With pictures left out, output exactly the lines from the line holding "The Embellished Heavy" through the end of the data, both included.
====== Available data
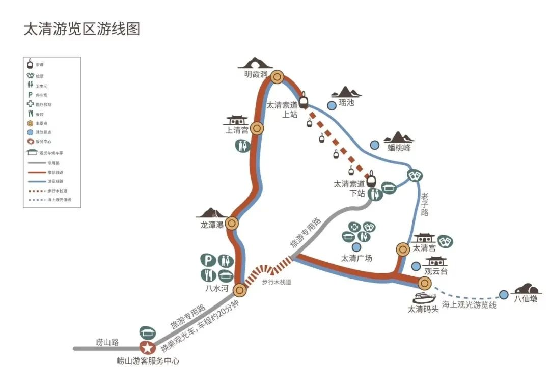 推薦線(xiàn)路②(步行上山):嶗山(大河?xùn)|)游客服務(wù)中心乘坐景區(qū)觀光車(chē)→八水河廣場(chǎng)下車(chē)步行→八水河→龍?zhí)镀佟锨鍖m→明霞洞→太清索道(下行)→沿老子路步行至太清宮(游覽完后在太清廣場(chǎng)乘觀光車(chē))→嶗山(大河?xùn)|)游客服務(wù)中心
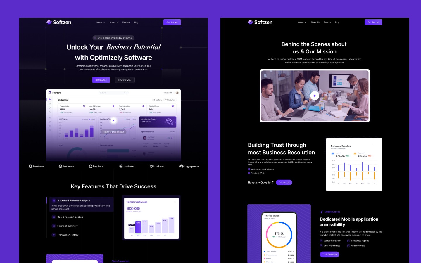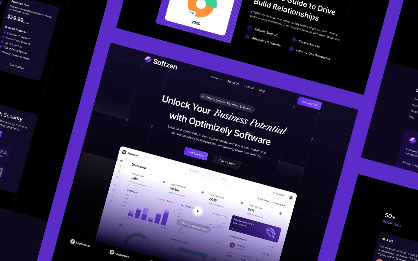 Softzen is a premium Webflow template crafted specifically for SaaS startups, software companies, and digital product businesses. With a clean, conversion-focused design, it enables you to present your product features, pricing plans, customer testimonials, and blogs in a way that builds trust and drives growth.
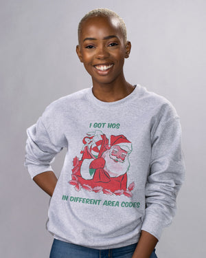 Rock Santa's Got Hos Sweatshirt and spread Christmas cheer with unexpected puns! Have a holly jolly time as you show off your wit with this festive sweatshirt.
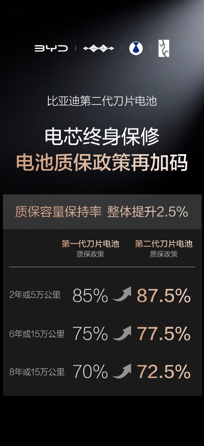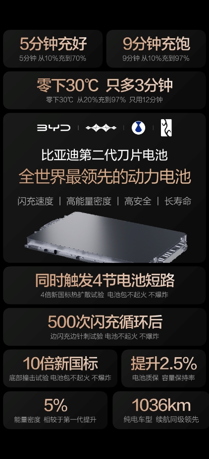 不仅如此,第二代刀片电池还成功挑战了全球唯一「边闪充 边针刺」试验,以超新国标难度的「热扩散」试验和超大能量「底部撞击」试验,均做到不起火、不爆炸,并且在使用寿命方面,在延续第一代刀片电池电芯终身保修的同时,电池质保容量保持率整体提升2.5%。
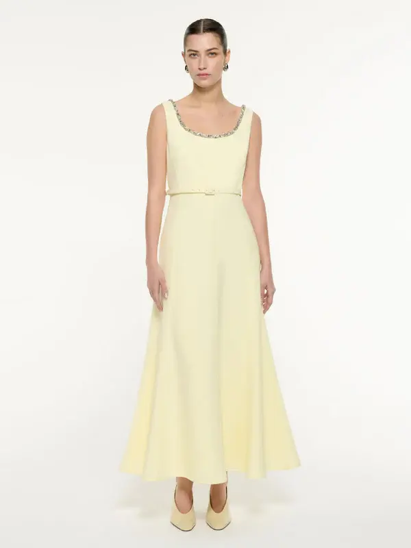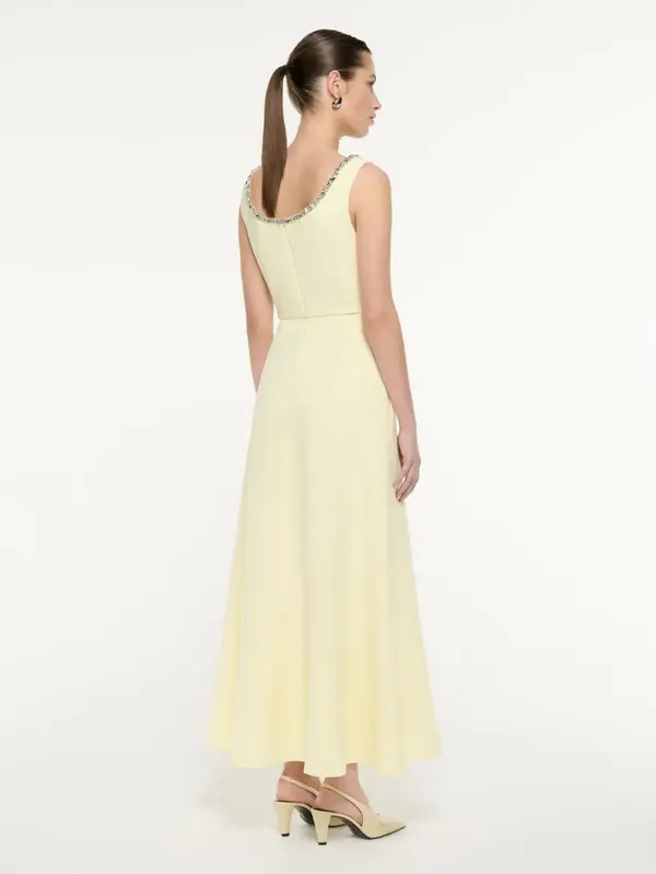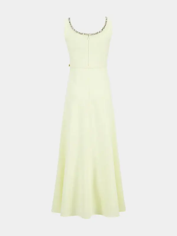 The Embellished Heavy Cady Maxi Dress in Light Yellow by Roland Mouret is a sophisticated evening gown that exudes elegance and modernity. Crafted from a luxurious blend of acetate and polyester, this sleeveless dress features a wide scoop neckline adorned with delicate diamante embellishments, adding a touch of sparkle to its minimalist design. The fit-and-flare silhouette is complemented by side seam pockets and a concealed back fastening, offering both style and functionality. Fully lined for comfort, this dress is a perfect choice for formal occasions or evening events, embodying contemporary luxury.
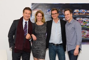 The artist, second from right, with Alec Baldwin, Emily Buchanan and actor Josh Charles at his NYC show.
============
> Output for this exercise:
 The Embellished Heavy Cady Maxi Dress in Light Yellow by Roland Mouret is a sophisticated evening gown that exudes elegance and modernity. Crafted from a luxurious blend of acetate and polyester, this sleeveless dress features a wide scoop neckline adorned with delicate diamante embellishments, adding a touch of sparkle to its minimalist design. The fit-and-flare silhouette is complemented by side seam pockets and a concealed back fastening, offering both style and functionality. Fully lined for comfort, this dress is a perfect choice for formal occasions or evening events, embodying contemporary luxury.
 The artist, second from right, with Alec Baldwin, Emily Buchanan and actor Josh Charles at his NYC show.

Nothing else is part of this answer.